ASSIGNMENT →
Transcribe, with complete accuracy, all of the entries below except for the pictures.

EXERCISE INPUTS →

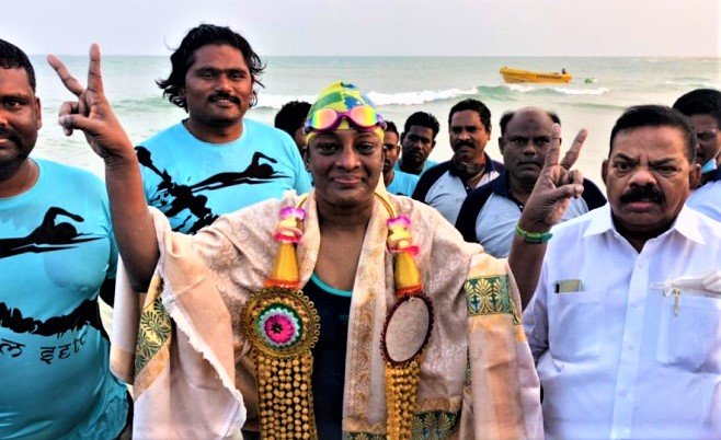 இந்நிலையில், பல்வேறு நீச்சல் போட்டிகளில் சாதனை படைத்த தெலுங்கானா மாநிலம் ஹைதராபாத்தைச் சேர்ந்த சியாமளா கோலி வயது-48, தலைமன்னாரில் இருந்து தனுஸ்கோடி வரையிலான சுமார் 30 கி.மீ. தூரம் கொண்ட பாக் ஜலசந்தி கடற்பகுதியை நீந்தி சாதனை படைத்தார்.
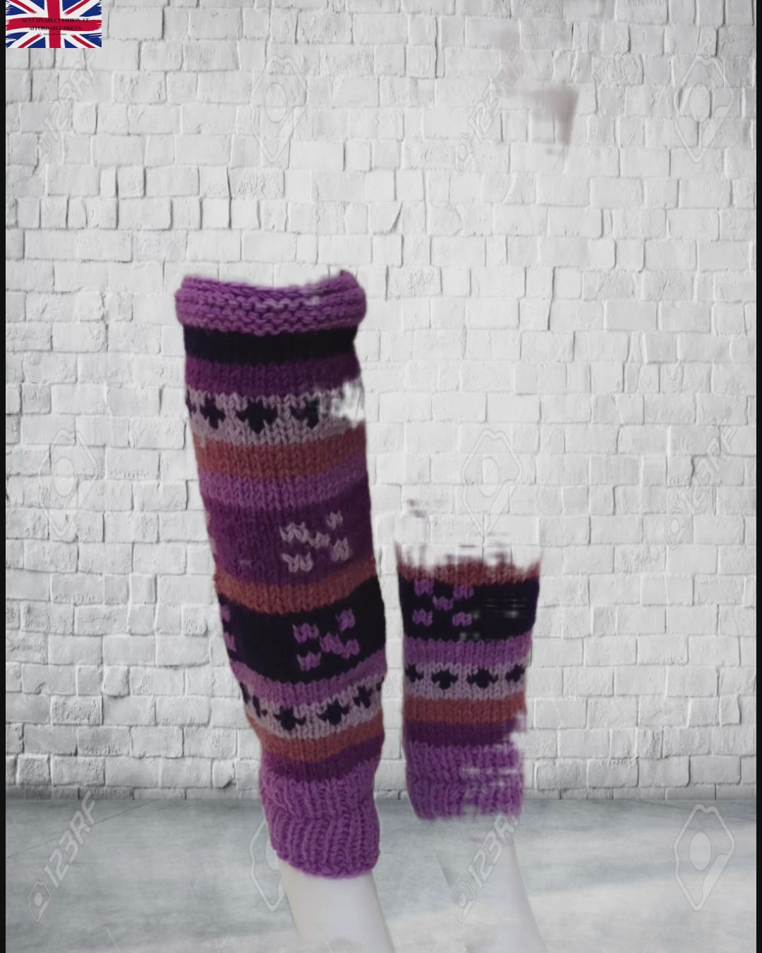 Ladies Womens Winter 100% Wool Leg Warmers Hand Knit Fleece Lined With Side Zips P12
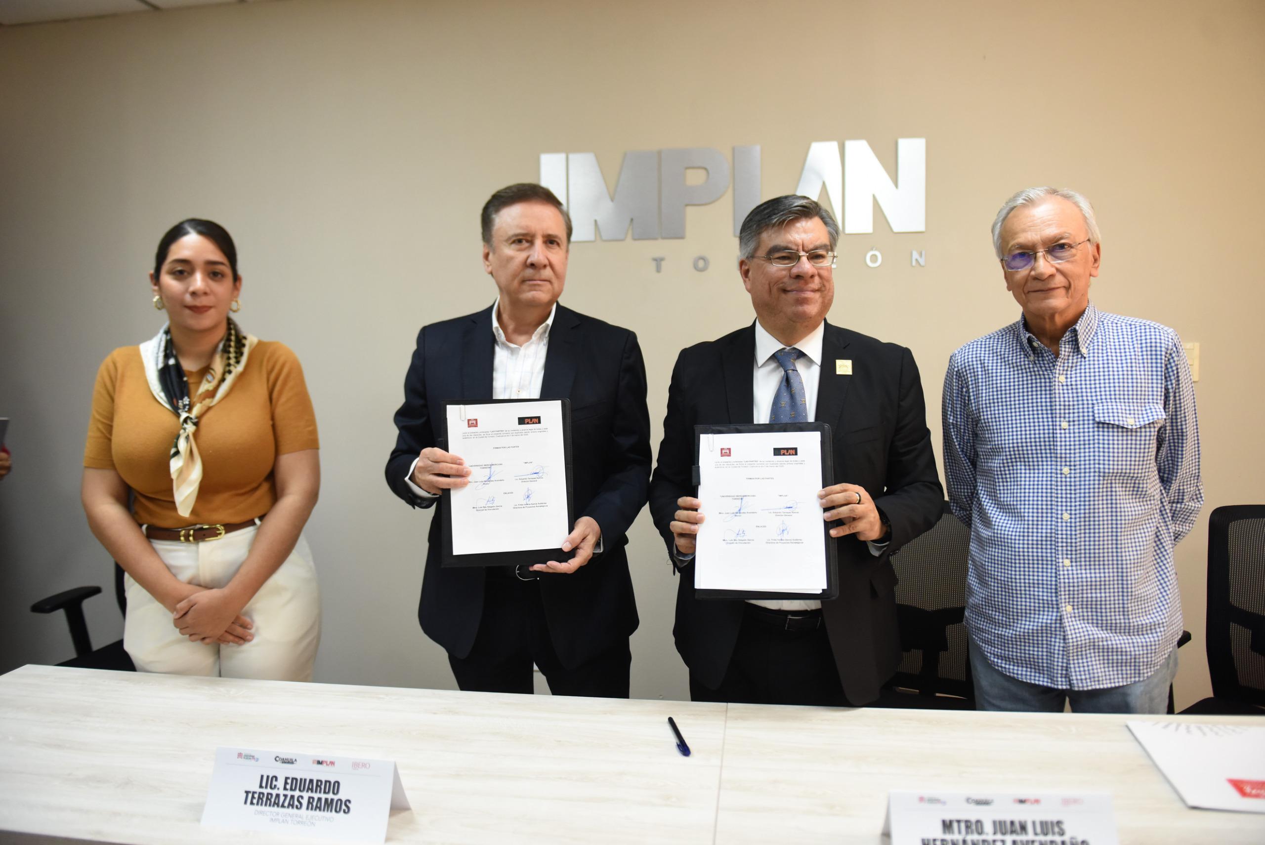 Con el propósito de fortalecer la generación de conocimiento aplicado y contribuir al desarrollo estratégico de la ciudad, el Instituto Municipal de Planeación y Competitividad de Torreón (IMPLAN ) y la Universidad Iberoamericana firmaron este jueves un convenio de colaboración que permitirá impulsar proyectos conjuntos en beneficio del municipio y de la formación académica de los estudiantes.
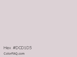 Hex #dcd1d5 Color is a very light rose color and the nearest color is Swiss Coffee #ddd6d5. Hex code #dcd1d5 and RGB value is rgb(220,209,213). In RGB color space, this color is composed of 86% red, 82% green, 84% blue, In CMYK color space, this color is composed of 0% cyan, 5% magenta, 3% yellow , 14% black , In HSL color space, this color has a hue angle of 338° , 14% saturation and 84% lightness.
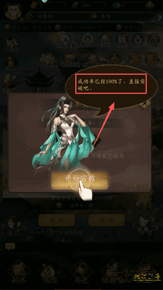 4、突破时注意查看成功率,如果不足100%,可以使用法元丹提升概率,然后再点击开始突破按钮。
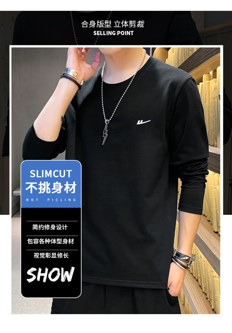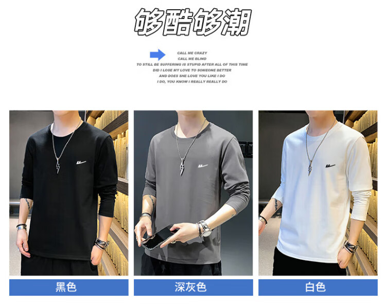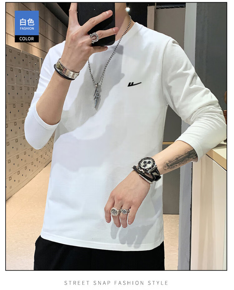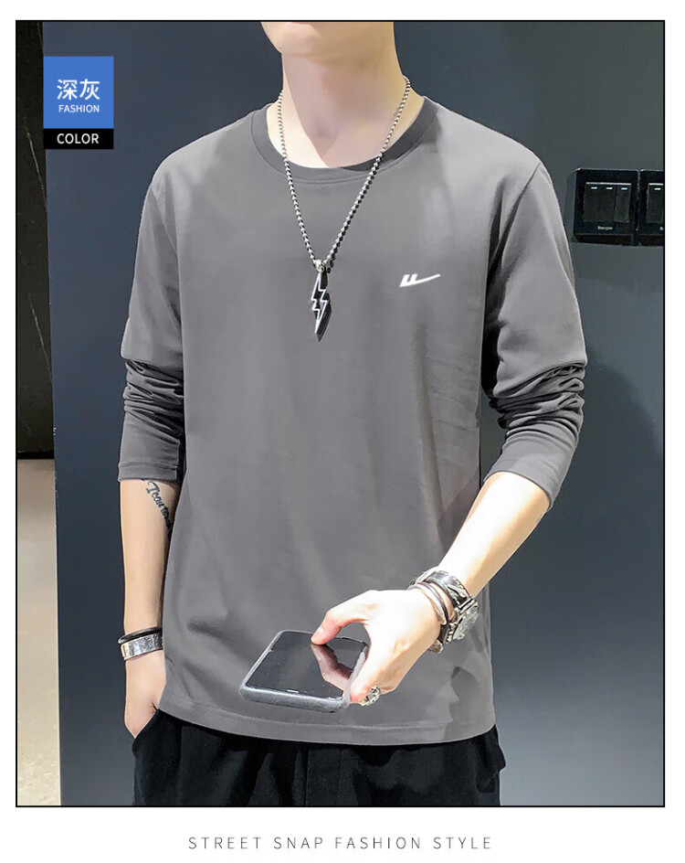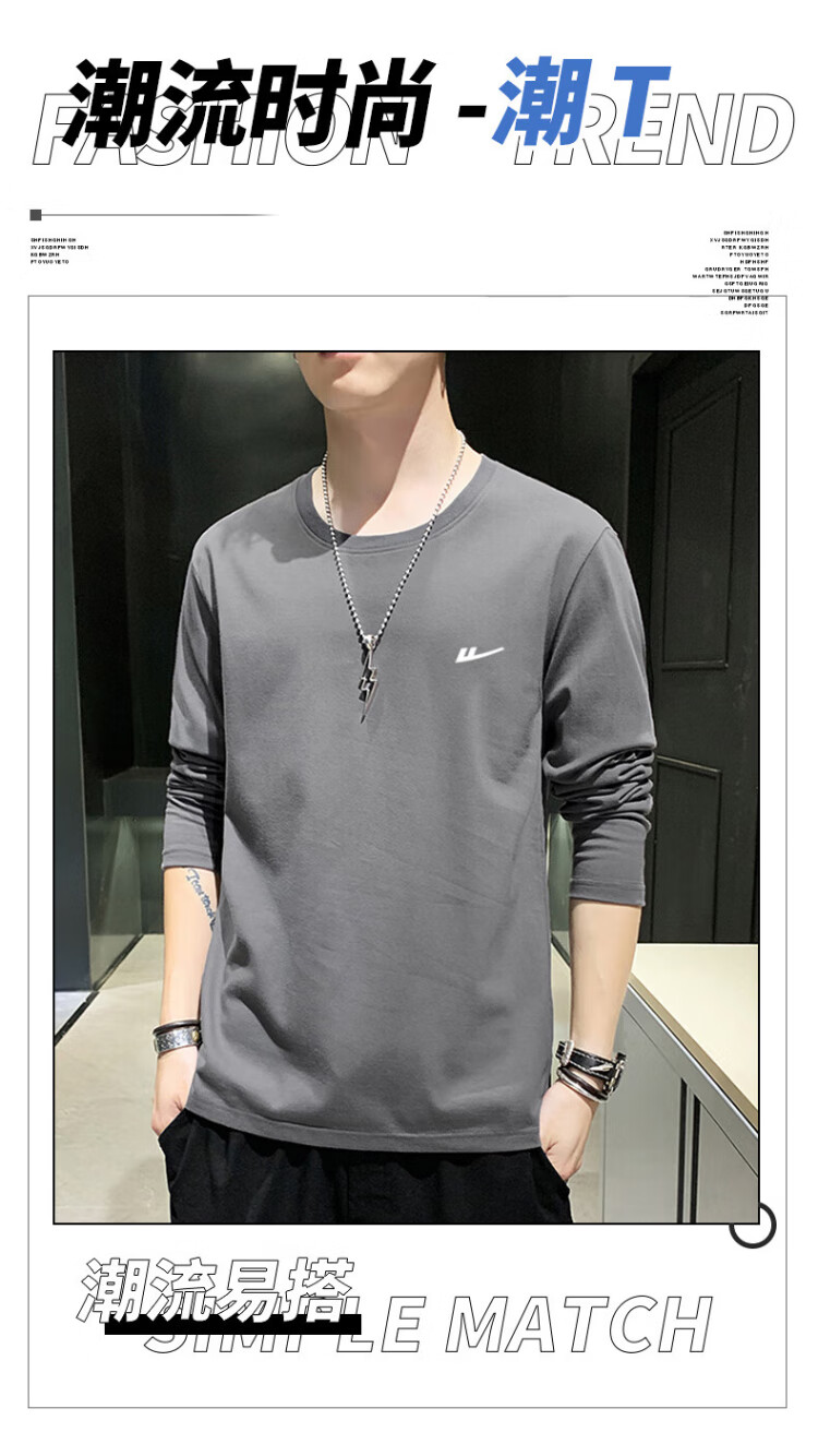 Pull back long-sleeved T-shirt men's pure cotton round neck printed loose pullover bottoming shirt autumn casual trend breathable top men's clothing
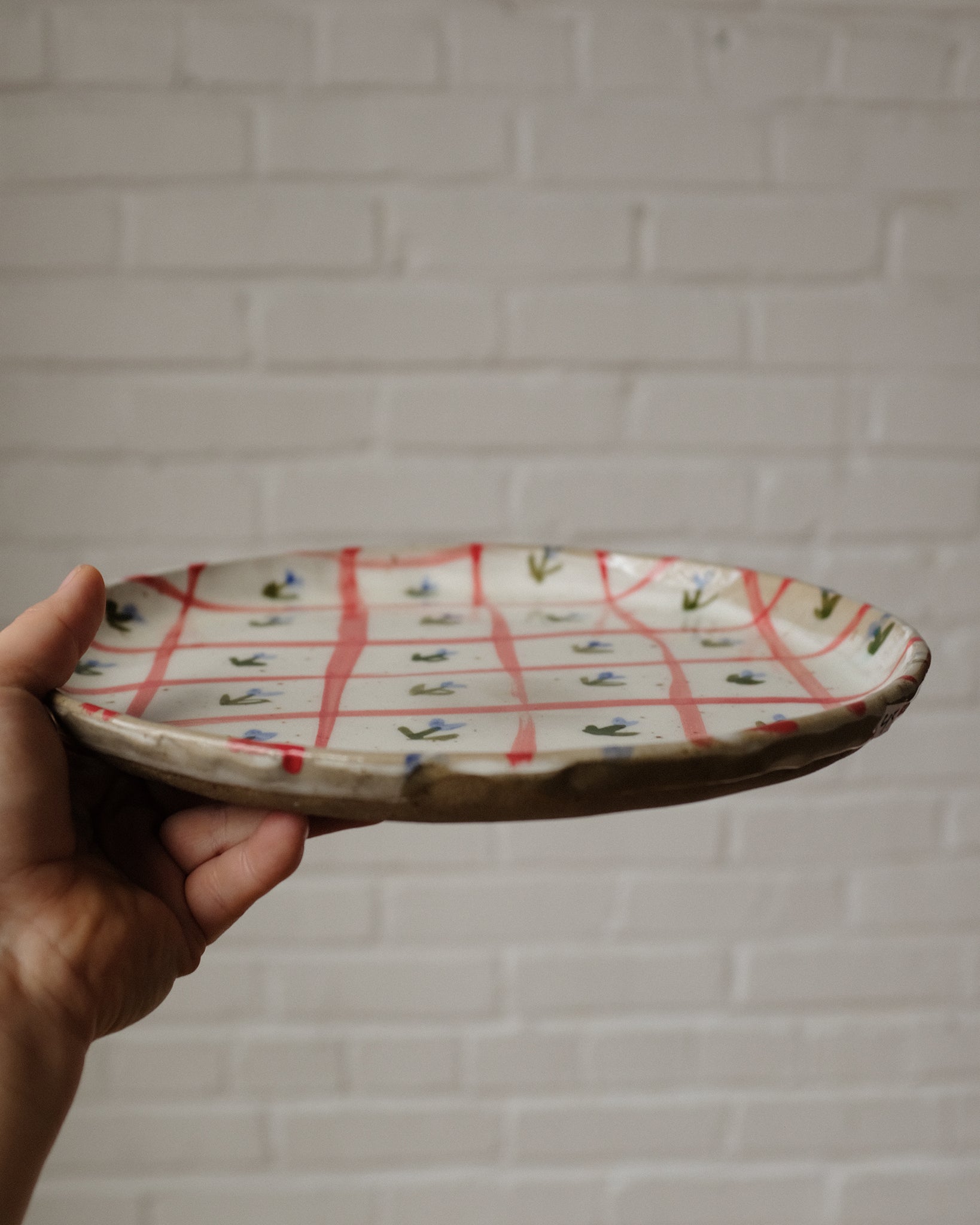 Assiette fait à la main, avec plaque d'argile. Décorer avec une engobe blanche, puis peint à la main avec un motif qui rappelle une nappe de pic nic.

PROBLEM SOLUTION →
 இந்நிலையில், பல்வேறு நீச்சல் போட்டிகளில் சாதனை படைத்த தெலுங்கானா மாநிலம் ஹைதராபாத்தைச் சேர்ந்த சியாமளா கோலி வயது-48, தலைமன்னாரில் இருந்து தனுஸ்கோடி வரையிலான சுமார் 30 கி.மீ. தூரம் கொண்ட பாக் ஜலசந்தி கடற்பகுதியை நீந்தி சாதனை படைத்தார்.
 Ladies Womens Winter 100% Wool Leg Warmers Hand Knit Fleece Lined With Side Zips P12
 Con el propósito de fortalecer la generación de conocimiento aplicado y contribuir al desarrollo estratégico de la ciudad, el Instituto Municipal de Planeación y Competitividad de Torreón (IMPLAN ) y la Universidad Iberoamericana firmaron este jueves un convenio de colaboración que permitirá impulsar proyectos conjuntos en beneficio del municipio y de la formación académica de los estudiantes.
 Hex #dcd1d5 Color is a very light rose color and the nearest color is Swiss Coffee #ddd6d5. Hex code #dcd1d5 and RGB value is rgb(220,209,213). In RGB color space, this color is composed of 86% red, 82% green, 84% blue, In CMYK color space, this color is composed of 0% cyan, 5% magenta, 3% yellow , 14% black , In HSL color space, this color has a hue angle of 338° , 14% saturation and 84% lightness.
 4、突破时注意查看成功率,如果不足100%,可以使用法元丹提升概率,然后再点击开始突破按钮。
 Pull back long-sleeved T-shirt men's pure cotton round neck printed loose pullover bottoming shirt autumn casual trend breathable top men's clothing
 Assiette fait à la main, avec plaque d'argile. Décorer avec une engobe blanche, puis peint à la main avec un motif qui rappelle une nappe de pic nic.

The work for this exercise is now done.